INPUT RECORDS »
::::::::

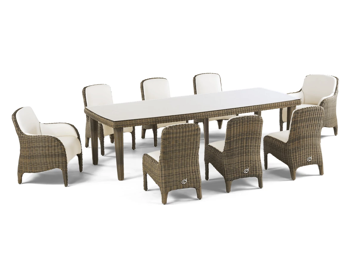 A kézzel fonott polyrattan és az időjárásálló alumínium váz kombinációja nemcsak stabilitást és tartósságot garantál, hanem kifinomult esztétikai élményt is nyújt. A puha párnázott székek maximális kényelmet biztosítanak, így mindenki kényelmesen élvezheti az étkezést és a társaságot. A párnák huzatai könnyedén levehetők és moshatók, így mindig frissen és újszerűen tarthatja őket.
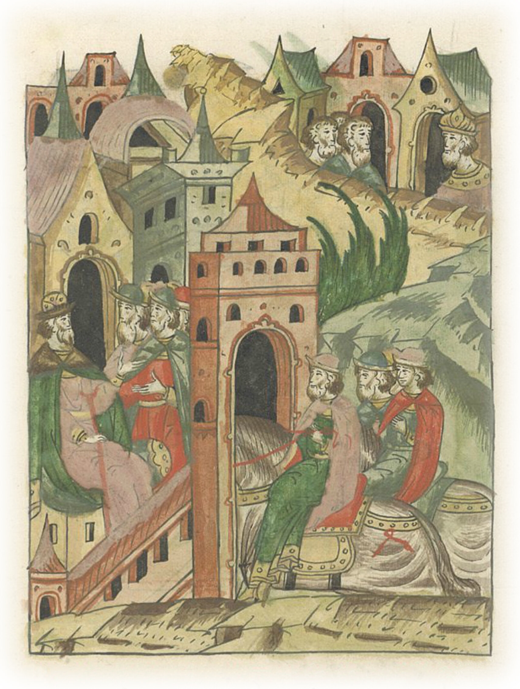Ругодивские посадники Яким и Захар приезжают в Москву. Воеводы царя Ивана Васильевича Алексей Адашев и Иван Михайлов сообщают им, что государь пожалует их, если сдадут его воеводам помимо Ругодива Вышгород.
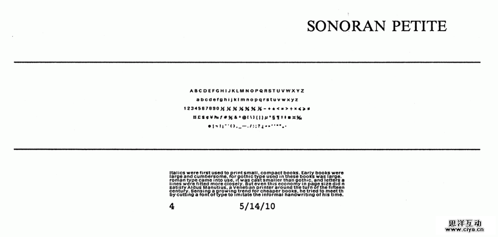 - 提供 Sonoran Serif、Sans Serif、Display、Petite 四套字体。
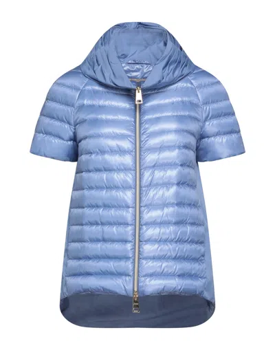 techno fabric, no appliqués, solid color, turtleneck, single-breasted , short sleeves, goose down interior, zipper closure, multipockets, contains non-textile parts of animal origin, single-breasted jacket , Color: Pastel blue , Size: 6
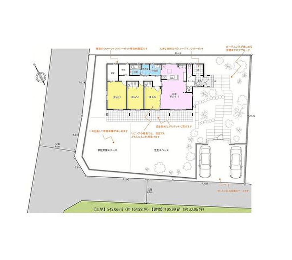 | その他 | 所有権、木造、LDK15帖以上、全室フローリング、オンライン相談可、平屋、低層住宅地、子育てに便利な施設が充実、即入居可、全居室収納、シューズボックス、クローゼット、駐車場あり、駐車場2台以上、見学可能、シューズインクローゼット、現地内覧可能、前面道路6m以上 | ||||
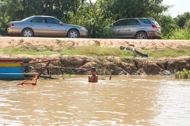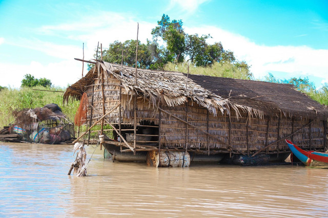 相传洞里萨湖底有一条七头蛇神,有一天,蛇神的女儿即将嫁给印度王子,于是这蛇神便张开大嘴,把大部分湖水吸进肚里,很快就变出了一大片肥沃的土地,作为女儿的嫁妆。
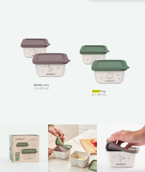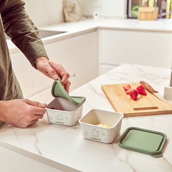 Ten ekologiczny zestaw idealnie nadaje się do przechowywania domowego jedzenia dla niemowląt. Posiada dwa pojemniki na wszelkiego rodzaju pokarmy stałe o pojemności 400ml. Pojemniki są wykonane z wytrzymałych, organicznych materiałów i mają szczelną, silikonową pokrywkę.
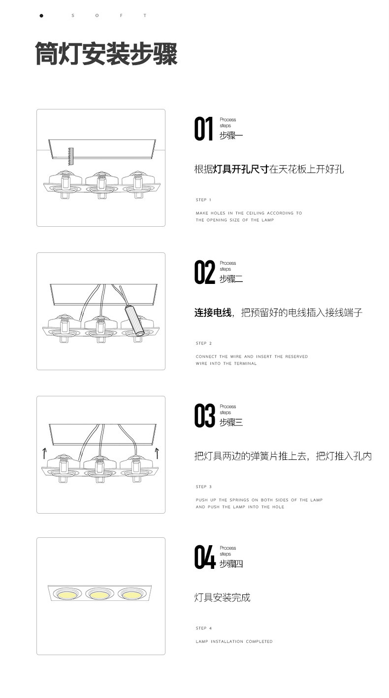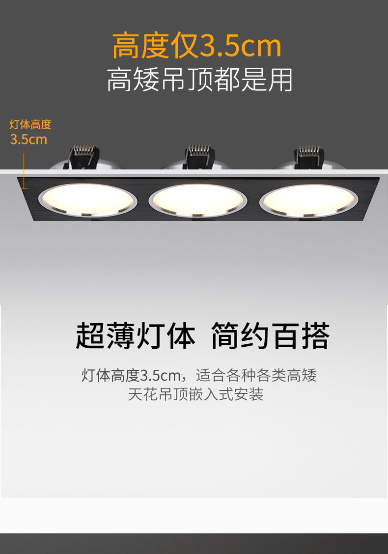 箱明装ダウンライト無主灯グリルライトLEDコブ斗胆灯LED家庭用リビング照明四頭角型
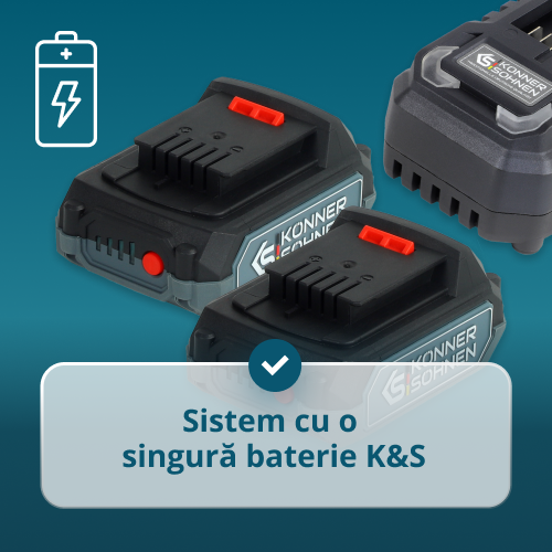 • Lucru fără întreruperi – prezența a două baterii de 20 V 2 Ah permite încărcarea uneia în timp ce lucrați cu cealaltă.
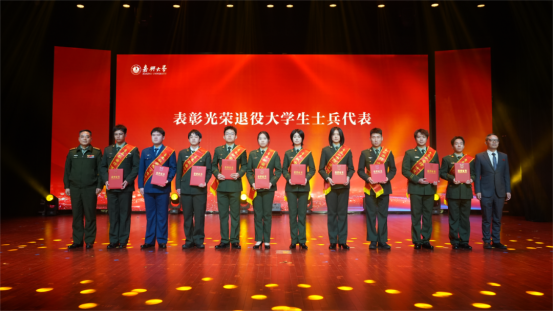 王德阳、周宏伟为光荣退役大学生士兵代表颁奖。
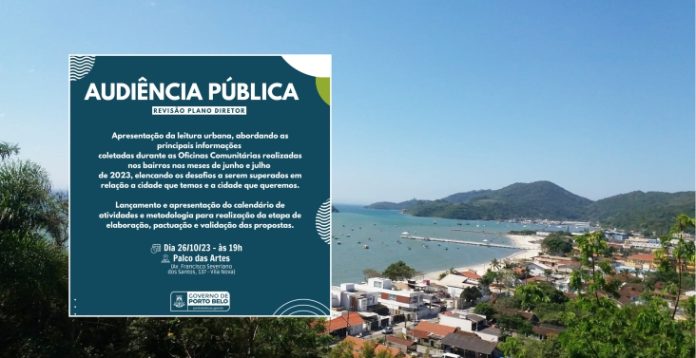 O Governo de Porto Belo convida toda a comunidade a participar de uma audiência pública, no dia 26 de outubro às 19h no Palco Das Artes. Na oportunidade será feita apresentação do conteúdos levantado durante as oficinas realizadas anteriormente nos bairros.
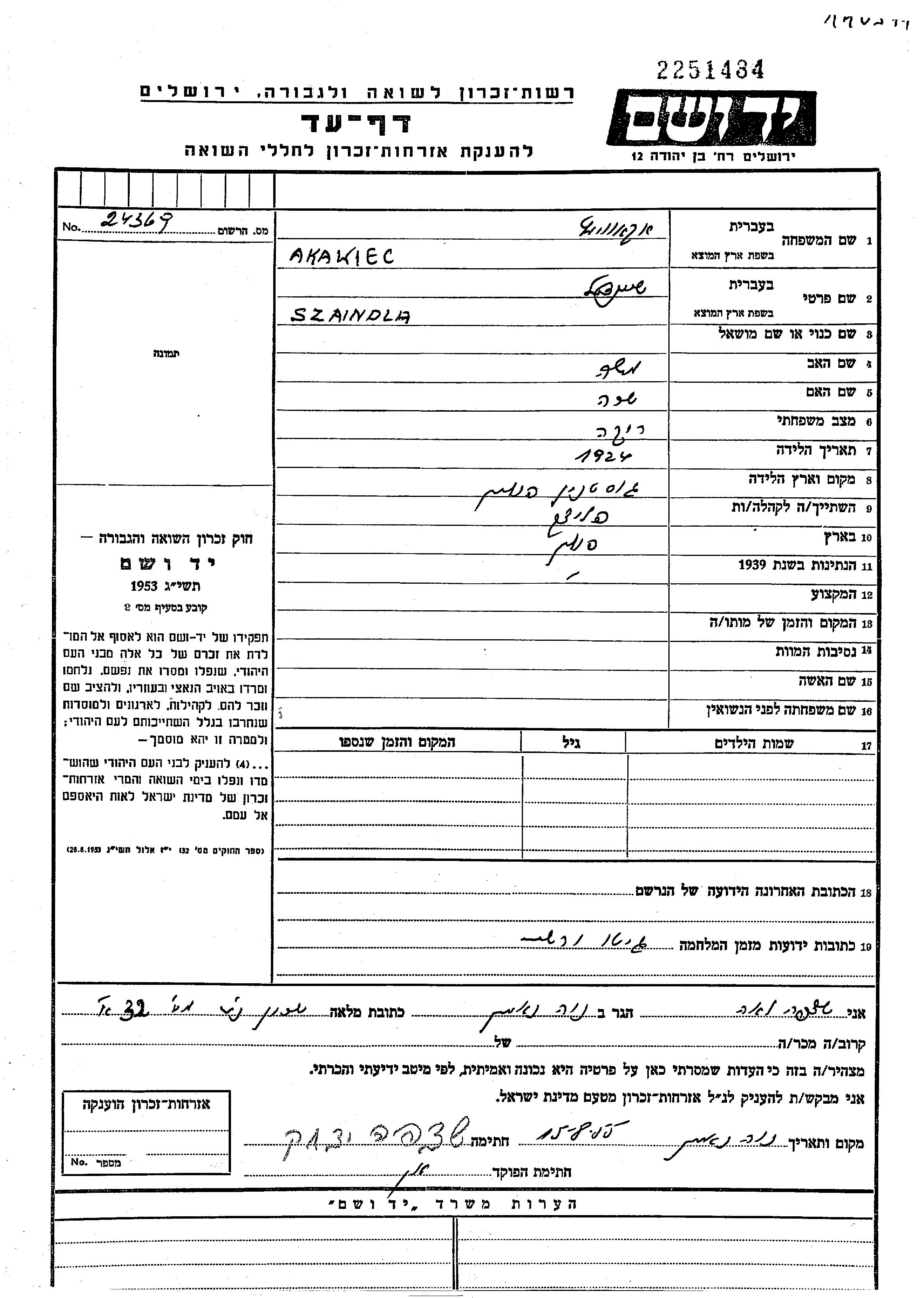 Шайндла Акавиец, место рождения: Гостынин, Польша. Отец: Моше, mать:Сара. Холост / не замужем. Место жительства до войны: Гостынин, Польша. Место во время войны: Варшава, Польша.

::::::::

PROBLEM REQUIREMENTS » Return exactly the lines of the material above, starting at the line containing "techno fabric, no" and finishing at the line containing "相传洞里萨湖底有一条七头蛇神", without any pictures.

RESPONSE TO THIS EXERCISE »
 techno fabric, no appliqués, solid color, turtleneck, single-breasted , short sleeves, goose down interior, zipper closure, multipockets, contains non-textile parts of animal origin, single-breasted jacket , Color: Pastel blue , Size: 6
 | その他 | 所有権、木造、LDK15帖以上、全室フローリング、オンライン相談可、平屋、低層住宅地、子育てに便利な施設が充実、即入居可、全居室収納、シューズボックス、クローゼット、駐車場あり、駐車場2台以上、見学可能、シューズインクローゼット、現地内覧可能、前面道路6m以上 | ||||
 相传洞里萨湖底有一条七头蛇神,有一天,蛇神的女儿即将嫁给印度王子,于是这蛇神便张开大嘴,把大部分湖水吸进肚里,很快就变出了一大片肥沃的土地,作为女儿的嫁妆。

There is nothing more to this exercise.